On-line version ISSN 1699-5198Print version ISSN 0212-1611

Nutr. Hosp. vol.34 n.4 Madrid Jul./Aug. 2017 

TRABAJO ORIGINAL / Valoración nutricional


Consumption of nutrients with antioxidant action and its relationship with lipid profile and oxidative stress in student users of a university restaurant

El consumo de nutrientes con acción antioxidante y su relación con el perfil lipídico y el estrés oxidativo en los estudiantes usuarios del restaurante de una universidad



Sueli Maria Teixeira Lima1, Kaluce Gonçalves de Sousa Almondes2, Kyria Jayanne Clímaco Cruz1, Heila Dias de Sousa Pinho Aguiar1, Camila Maria Simplício Revoredo1, Betzabeth Slater3, Jennifer Beatriz Silva Morais1, Dilina do Nascimento Marreiro1 and Nadir do Nascimento Nogueira1

1Department of Nutrition. Federal University of Piauí. Ministro Petrônio Portella. Campus Ininga, Teresina. Piauí, Brazil.
2Department of Food and Experimental Nutrition. Institute of Pharmaceutical Sciences. University of São Paulo. São Paulo, Brazil.
3Department of Food and Experimental Nutrition. School of Public Health. University of São Paulo. São Paulo, Brazil





Introduction: The relationship between diet and health has aroused scientific interest, especially the consumption of antioxidant nutrients naturally present in foods, because of its action against the deleterious effects of free radicals in the body.
Objective: This study aimed to estimate the intake of antioxidant nutrients and its relationship with lipid profile and oxidative stress in student users of a university restaurant in comparison with non-users.
Methods: This cross-sectional study involved 145 university students divided into two groups: users of the university restaurant (group 1, n = 73) and non-users (group 2, n = 72). We measured body mass index and waist circumference, and estimated the intake of antioxidant micronutrients. Serum concentrations of total cholesterol, high-density lipoprotein cholesterol, low-density lipoprotein cholesterol, and triglyceride levels, and plasma concentrations of malondialdehyde were determined.
Results and conclusion: Intake of copper, zinc, selenium, and vitamin C were within the recommendations in both groups, and vitamins A and E were below the reference values. There was a correlation between the intake of vitamin C and triglycerides. Group 1 members had better dietary patterns in relation to antioxidant micronutrients, reflecting less atherogenic lipid profile and lower exposure to oxidative stress compared to group 2.

Key words: Students. Antioxidants. Dyslipidemia.

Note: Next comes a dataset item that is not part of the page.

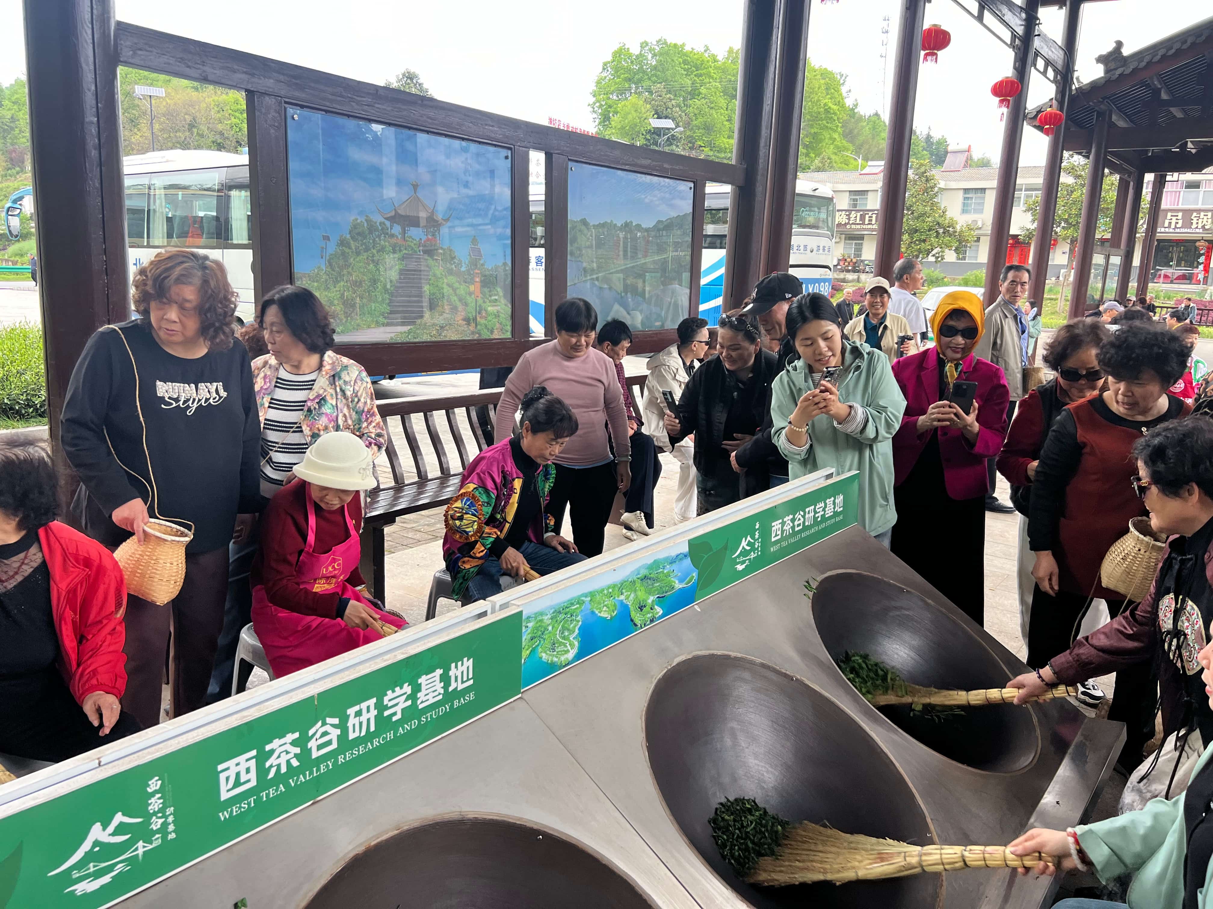 4月14日下午,在位于六安市金寨县油坊店乡面冲村的西茶谷面冲茶叶主题公园,来自武汉的孙先生兴冲冲地把自己刚在茶园采下的茶叶鲜叶放进茶锅,在工作人员的帮助下体验六安瓜片制作技艺中的“杀青”。“我们一共4辆大巴车从武汉过来,第一次来金寨,环境好,体验也非常好。”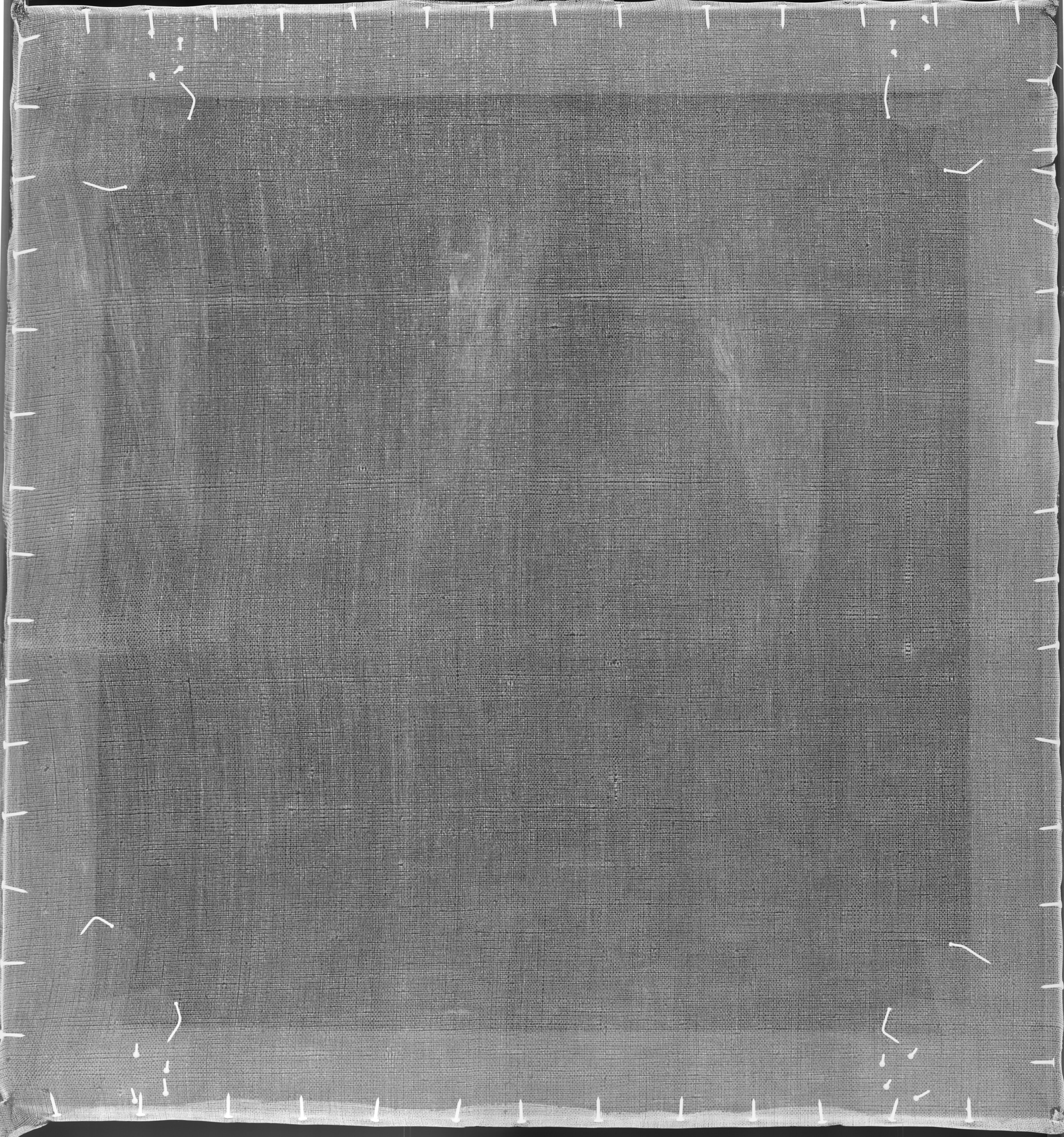 På hele lærredet. I venstre side er der dog smalle områder af ugrunderet lærred tæt på den afskårne ægkant.

Malondialdehyde.


Introducción: la relación entre la dieta y la salud ha despertado interés científico, especialmente en lo referente al consumo de nutrientes antioxidantes presentes de forma natural en los alimentos, debido a su acción contra los efectos nocivos de los radicales libres en el cuerpo.
Objetivo: el objetivo de este estudio fue estimar la ingesta de nutrientes antioxidantes y su relación con el perfil lipídico y el estrés oxidativo en estudiantes usuarios de un restaurante universitario, en comparación con los no usuarios.
Métodos: este es un estudio transversal que incluye 145 estudiantes universitarios, divididos en dos grupos: los usuarios del restaurante universitario (grupo 1, n = 73) y no usuarios (grupo 2, n = 72). Fueron medidos el índice de masa corporal y la circunferencia de la cintura, y se estimó la ingesta de micronutrientes antioxidantes. Se determinaron las concentraciones séricas de colesterol total, colesterol unido a lipoproteínas de alta densidad, colesterol unido a lipoproteínas de baja densidad, los niveles de triglicéridos y las concentraciones plasmáticas de malondialdehído.
Resultados y conclusiones: la ingesta de cobre, zinc, selenio y la vitamina C se encontraba dentro de las recomendaciones de los dos grupos, y la de vitaminas A y E estaba por debajo de los valores de referencia. Hubo una correlación entre el consumo de vitamina C y los triglicéridos. Miembros del grupo 1 mostraron mejores patrones dietéticos en relación con micronutrientes antioxidantes, lo que refleja menos perfil lipídico aterogénico y una menor exposición al estrés oxidativo en comparación con el grupo 2.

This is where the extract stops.